Output of echo $PATH (without the spaces):

/home/***/anaconda3/envs/tf_gpu/bin: /usr/local/cuda/bin: /home/***/.local/bin: /home/***/anaconda3/bin: /usr/local/sbin: /usr/local/bin: /usr/sbin: /usr/bin: /sbin: /bin: /usr/games: /usr/local/games: /snap/bin

Output of echo $LD_LIBRARY_PATH (without the spaces):

/usr/local/cuda/lib64: /usr/local/cuda/extras/CUPTI/lib64: /usr/local/cuda/lib64: /usr/local/cuda/extras/CUPTI/lib64:

Ok, so I am installing my env like this:

conda create -n tf_gpu python=3.6 tensorflow-gpu conda activate tf_gpu

This installs the following packages:

_tflow_select: 2.1.0-gpu absl-py: 0.6.1-py36_0 astor: 0.7.1-py36_0 blas: 1.0-mkl c-ares: 1.15.0-h7b6447c_1 ca-certificates: 2018.03.07-0 certifi: 2018.11.29-py36_0 cudatoolkit: 9.2-0 cudnn: 7.2.1-cuda9.2_0 cupti: 9.2.148-0 gast: 0.2.0-py36_0 grpcio: 1.16.1-py36hf8bcb03_1 h5py: 2.8.0-py36h989c5e5_3 hdf5: 1.10.2-hba1933b_1 intel-openmp: 2019.1-144 keras-applications: 1.0.6-py36_0 keras-preprocessing: 1.0.5-py36_0 libedit: 3.1.20170329-h6b74fdf_2 libffi: 3.2.1-hd88cf55_4 libgcc-ng: 8.2.0-hdf63c60_1 libgfortran-ng: 7.3.0-hdf63c60_0 libprotobuf: 3.6.1-hd408876_0 libstdcxx-ng: 8.2.0-hdf63c60_1 markdown: 3.0.1-py36_0 mkl: 2019.1-144 mkl_fft: 1.0.6-py36hd81dba3_0 mkl_random: 1.0.2-py36hd81dba3_0 ncurses: 6.1-he6710b0_1 numpy: 1.15.4-py36h7e9f1db_0 numpy-base: 1.15.4-py36hde5b4d6_0 openssl: 1.1.1a-h7b6447c_0 pip: 18.1-py36_0 protobuf: 3.6.1-py36he6710b0_0 python: 3.6.7-h0371630_0 readline: 7.0-h7b6447c_5 scipy: 1.1.0-py36h7c811a0_2 setuptools: 40.6.3-py36_0 six: 1.12.0-py36_0 sqlite: 3.26.0-h7b6447c_0 tensorboard: 1.12.0-py36hf484d3e_0 tensorflow: 1.12.0-gpu_py36he74679b_0 tensorflow-base: 1.12.0-gpu_py36had579c0_0 tensorflow-gpu: 1.12.0-h0d30ee6_0 termcolor: 1.1.0-py36_1 tk: 8.6.8-hbc83047_0 werkzeug: 0.14.1-py36_0 wheel: 0.32.3-py36_0 xz: 5.2.4-h14c3975_4 zlib: 1.2.11-h7b6447c_3

And then I check the available devices for tensorflow in a python console:

from tensorflow.python.client import device_lib print(device_lib.list_local_devices())

Which prints this:

2018-12-18 10:44:12.135984: I tensorflow/core/platform/cpu_feature_guard.cc:141] Your CPU supports instructions that this TensorFlow binary was not compiled to use: AVX2 FMA [name: "/device:CPU:0" device_type: "CPU" memory_limit: 268435456 locality { } incarnation: 14921140553341499580 , name: "/device:XLA_CPU:0" device_type: "XLA_CPU" memory_limit: 17179869184 locality { } incarnation: 17804082860482987174 physical_device_desc: "device: XLA_CPU device" ]

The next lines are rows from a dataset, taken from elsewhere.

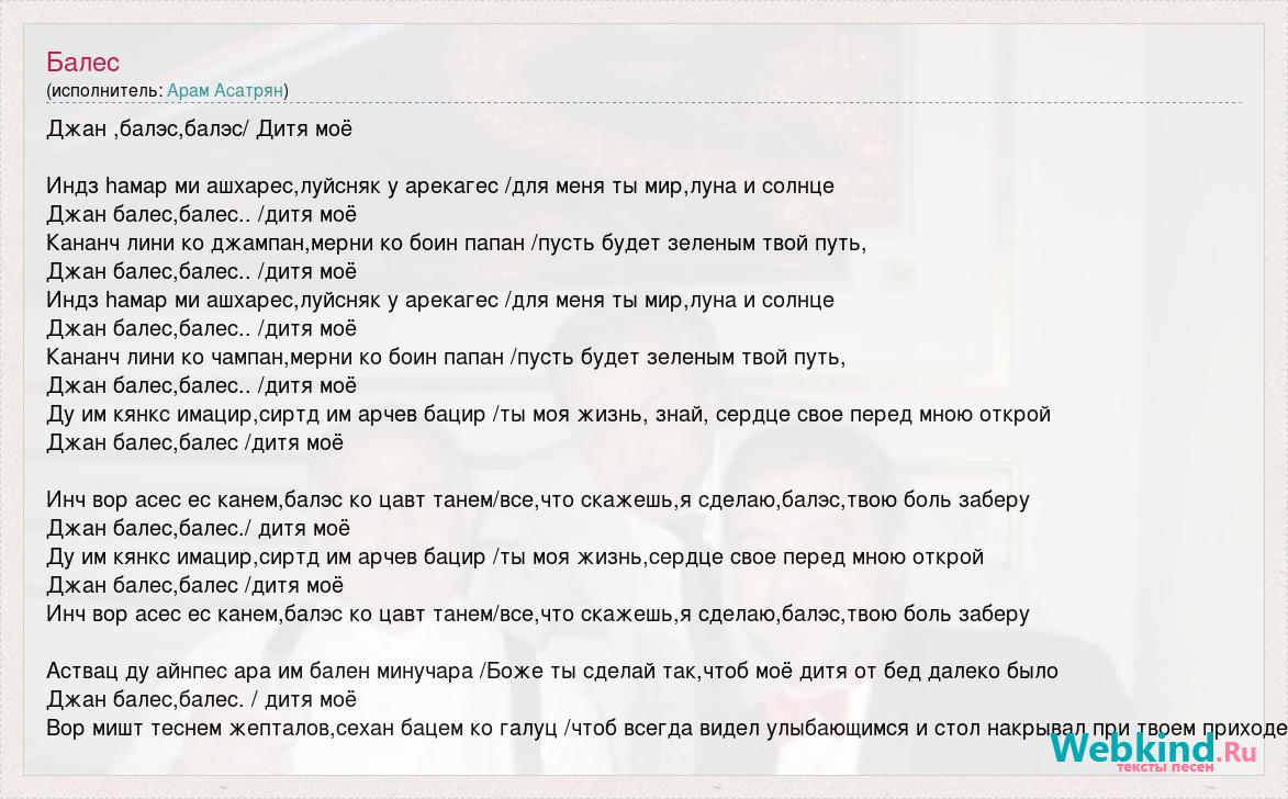 Джан ,балэс,балэс/ Дитя моё Индз hамар ми ашхарес,луйсняк у арекагес /для меня ты мир,луна и солнце Джан балес,балес.. /дитя моё Кананч лини ко джампан,мерни ко боин папан /пусть будет зеленым твой путь, Джан балес,балес.. /дитя моё Индз hамар ми ашхарес,луйсняк у арекагес /для меня ты мир,луна и солнце Джан балес,балес.. /дитя моё Кананч лини ко чампан,мерни ко боин папан /пусть будет зеленым твой путь, Джан балес,балес.. /дитя моё Ду им кянкс имацир,сиртд им арчев бацир /ты моя жизнь, знай, сердце свое перед мною открой Джан балес,балес /дитя моё Инч вор асес ес канем,балэс ко цавт танем/все,что скажешь,я сделаю,балэс,твою боль заберу Джан балес,балес./ дитя моё Ду им кянкс имацир,сиртд им арчев бацир /ты моя жизнь,сердце свое перед мною открой Джан балес,балес /дитя моё Инч вор асес ес канем,балэс ко цавт танем/все,что скажешь,я сделаю,балэс,твою боль заберу Аствац ду айнпес ара им бален минучара /Боже ты сделай так,чтоб моё дитя от бед далеко было Джан балес,балес. / дитя моё Вор мишт теснем жепталов,сехан бацем ко галуц /чтоб всегда видел улыбающимся и стол накрывал при твоем приходе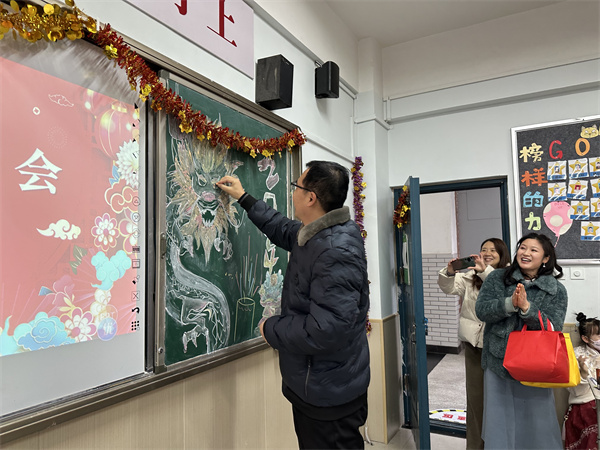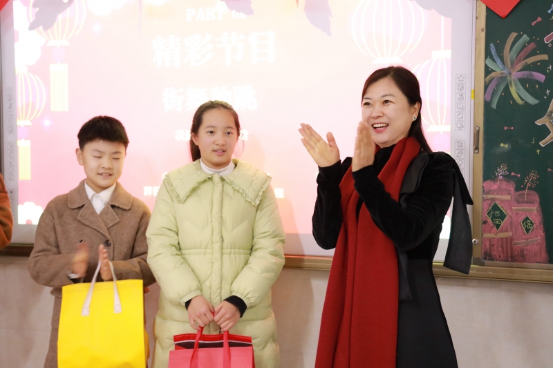 在接下來的新年茶話會(hui) 環節,同學們(men) 可謂亮出了拿手絕活,詩歌朗誦、小品相聲、快板魔術、舞蹈樂(le) 器……每個(ge) 節目都精彩絕倫(lun) ,教室裏歡聲笑語不絕於(yu) 耳,掌聲雷鳴,洋溢著濃濃的節日氣氛。在學校黨(dang) 支部書(shu) 記、校長孫冬梅的帶領下,班子成員走進各班,為(wei) 孩子們(men) 送去新年祝福:富有吉祥寓意的龍娃,深受孩子喜愛的書(shu) 籍……祝福同學們(men) 在新的一年滿載收獲,幸福成長。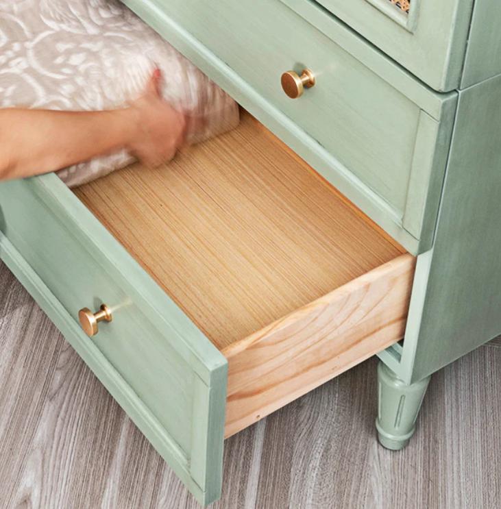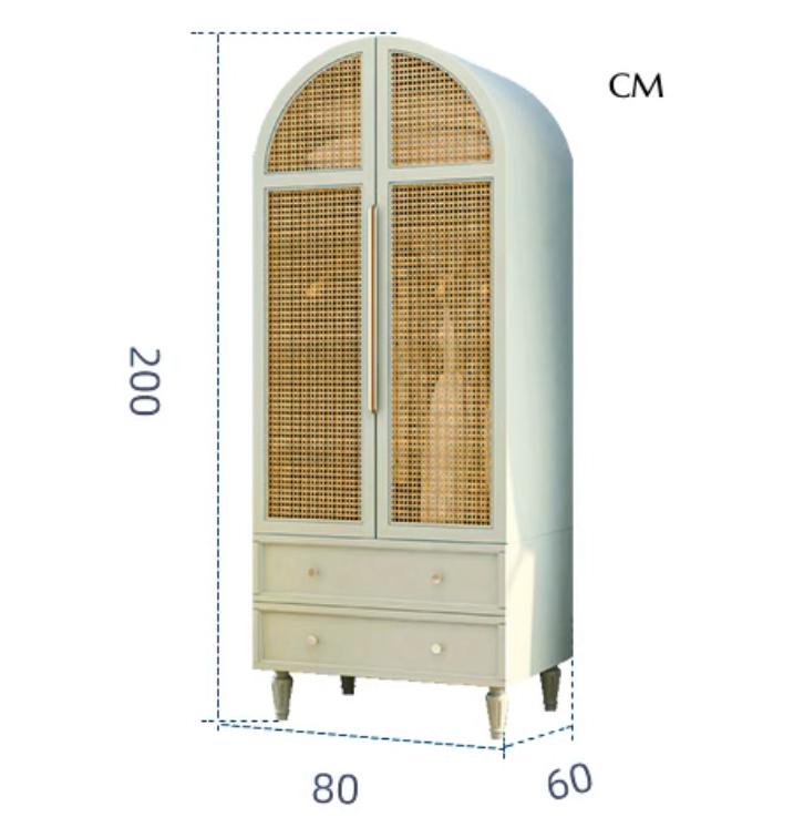 Материал: массив американского каучука, двери из ротанга с мягким закрыванием, плетеные вручную из Калимантана. Ручка из меди с позолотой.

As you can see, no GPU. The funny thing is that if I install PyTorch it recognizes the GPU without any trouble. Now, I have tried various things that I have seen in other posts like removing the protobuf package and tensorflow-gpu from conda and reinstall it with pip but that didn't change anything.

What can I do to get tensorflow to recognize the GPU? Any help is highly appreciated!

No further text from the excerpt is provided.